Features and Columns · TV

‘Chilling Adventures of Sabrina’ Goes Out with a Bang

This ‘Riverdale’ sister series never quite reached the wacky creative heights of its counterpart, but it comes close with an ambitious final season.
Chilling Adventures Of Sabrina Ending
Diyah Pera/Netflix
By  · Published on December 28th, 2020

Welcome to Previously On, a column that fills you in on our favorite returning TV shows. This week, Valerie Ettenhofer reviews the final batch of episodes of Netflix’s Chilling Adventures of Sabrina.


The fourth and final chapter of Chilling Adventures of Sabrina makes some bold, capital-C Choices, and after three inconsistent seasons, maybe that’s a good thing.

The Netflix show, which was developed by Roberto Aguierre-Sacasa based on his comic book series of the same name for Archie Comics, started its run as an heir apparent to Buffy the Vampire Slayer. In its first season, Chilling Adventures of Sabrina was a clever allegory of the Catholic Church with a sassy feminist undercurrent. And like Aguierre-Sacasa’s other Archie Comics-based series, Riverdale, the series started off with a first season that, while occasionally melodramatic, was solidly good and thoroughly entertaining.
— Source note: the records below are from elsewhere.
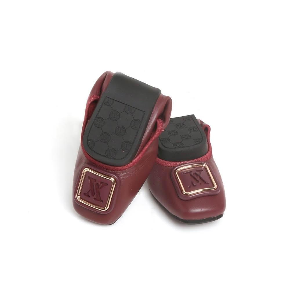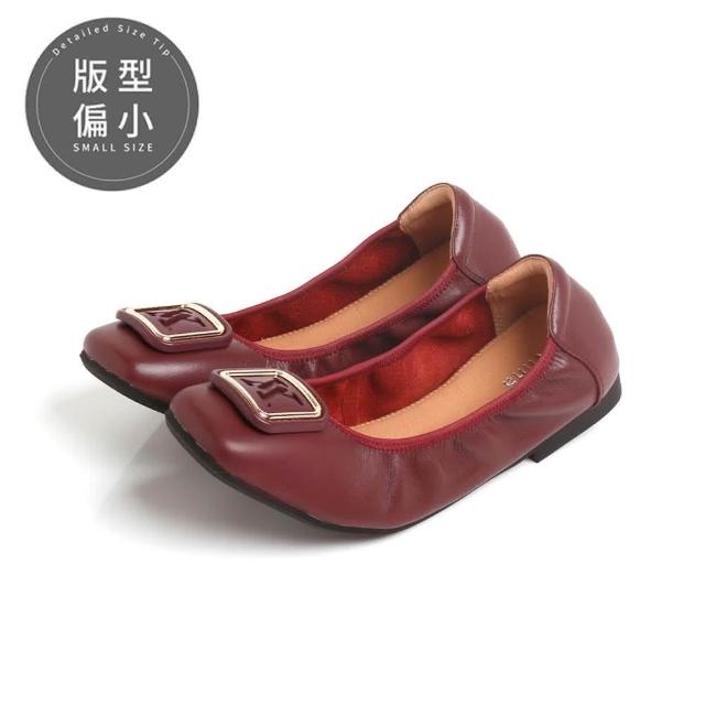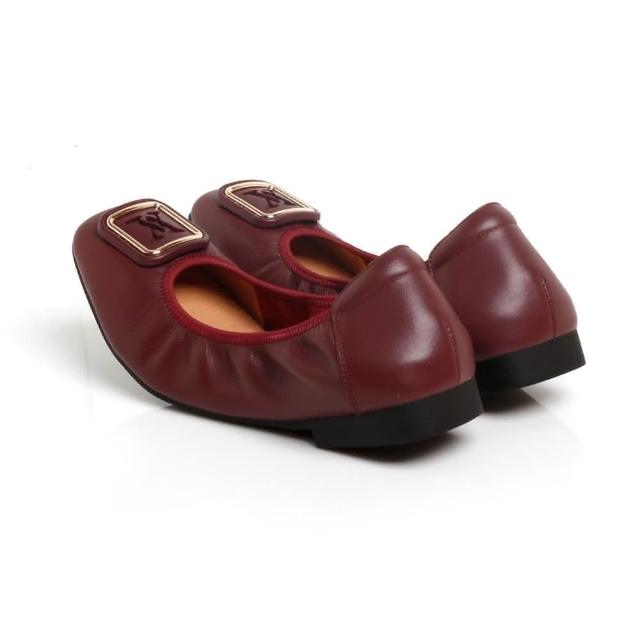 viina芳達2· 全真皮金框logo方頭摺疊平底娃娃鞋-酒紅(版型偏小1碼)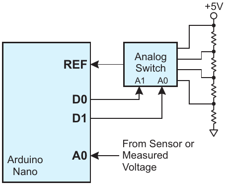 Figure 4. Using an external DAC (MAX5362) controlled by the Arduino Nano to provide more reference levels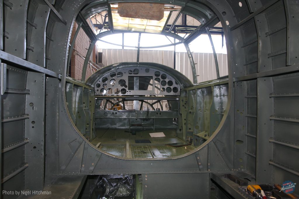 In March 2016 we could see a lot of progress with the rear gunner area being rebuilt, which had been removed some time previously and similarly the top turret being fitted. The center section was now coming together and one outer wing mostly completed. Many components had also been overhauled and were starting to come back.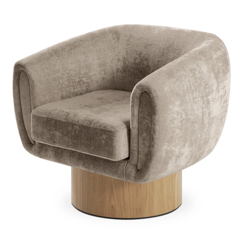 Запросить индивидуальное предложениеКорпус кресла установлен на основание цилиндрической формы, выполненное в 2-х вариантах: облицовка тканью или шпоном в трех цветах (дуб натуральный, дуб черный, орех).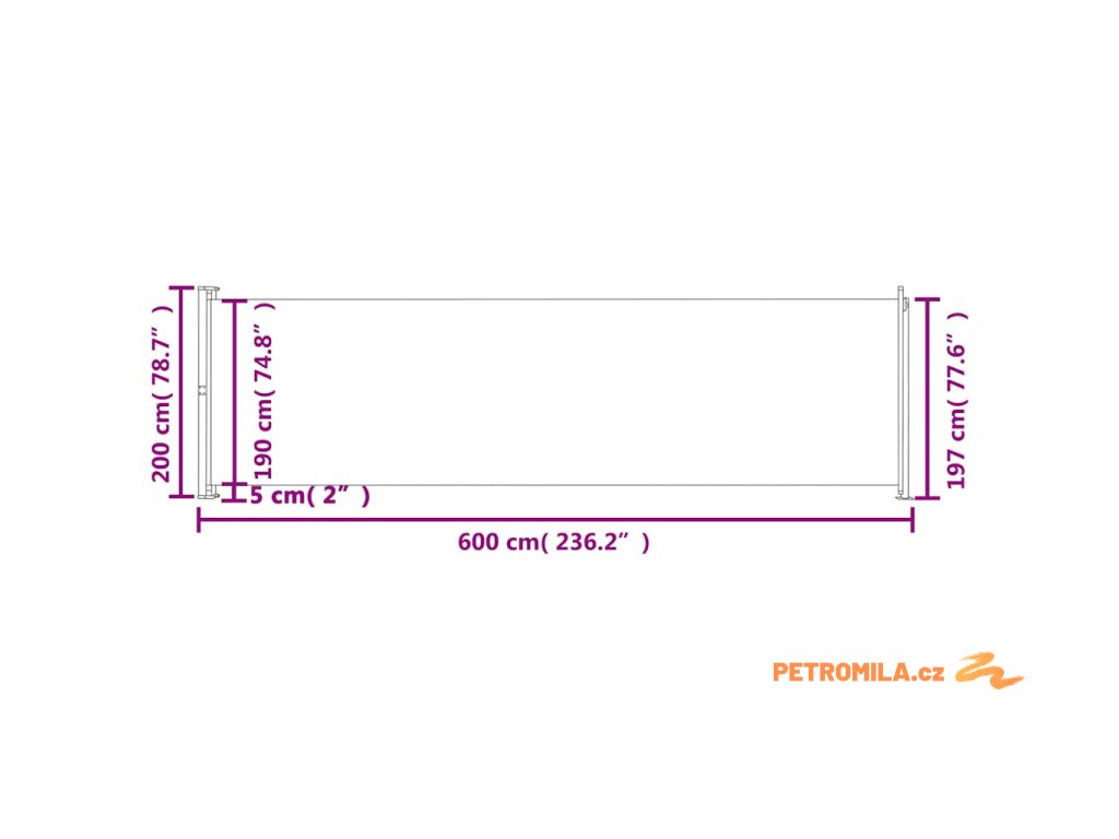 - Rozměry: 200 x (0–600) cm (V x Š)

Unfortunately, Chilling Adventures of Sabrina didn’t follow in Riverdale’s self-aware footsteps. While the latter show has evolved into a straight-faced new camp classic that prides itself on one-upping each bonkers plot point week to week, the second and third chapters of Chilling Adventures of Sabrina are mostly humorless, messy misfires. And while its final eight episodes don’t course-correct every problem the show has, they do finally take a walk on the wilder side of the Archieverse, leaning into the series’ latent horror and humor with the fearless ambition only a last hurrah can inspire.

If you’ve made it this far into Chilling Adventures of Sabrina, you’re likely already well-acquainted with the show’s shortcomings. Entering Season 4, Sabrina (Kiernan Shipka) is still a chronic meddler and bad-decision-maker, while deus ex machina solutions still tend to rob threats of any real significance and almost every coupling still lacks any spark of chemistry at all. Luckily, the fourth season also kicks off with a new monster-of-the-week structure that sets up a revolving door of intriguing characters who work to keep viewers from looking too closely at the series’ seams.

When we last left Sabrina, the young witch had just created a time loop that, in addition to having unforeseen effects on her world, also produced an identical doppelganger version of herself. Although Chilling Adventures of Sabrina has quickly done away with cliffhanger plots in the past, this one actually carries us into the series endgame. At first, it’s all fun-and-games for the two Sabrinas as they give each other dating advice and hold secret dance parties. But surprisingly, the Sabrinas become the emotional core around which the final season is built, and for the most part, the initially iffy gimmick actually works.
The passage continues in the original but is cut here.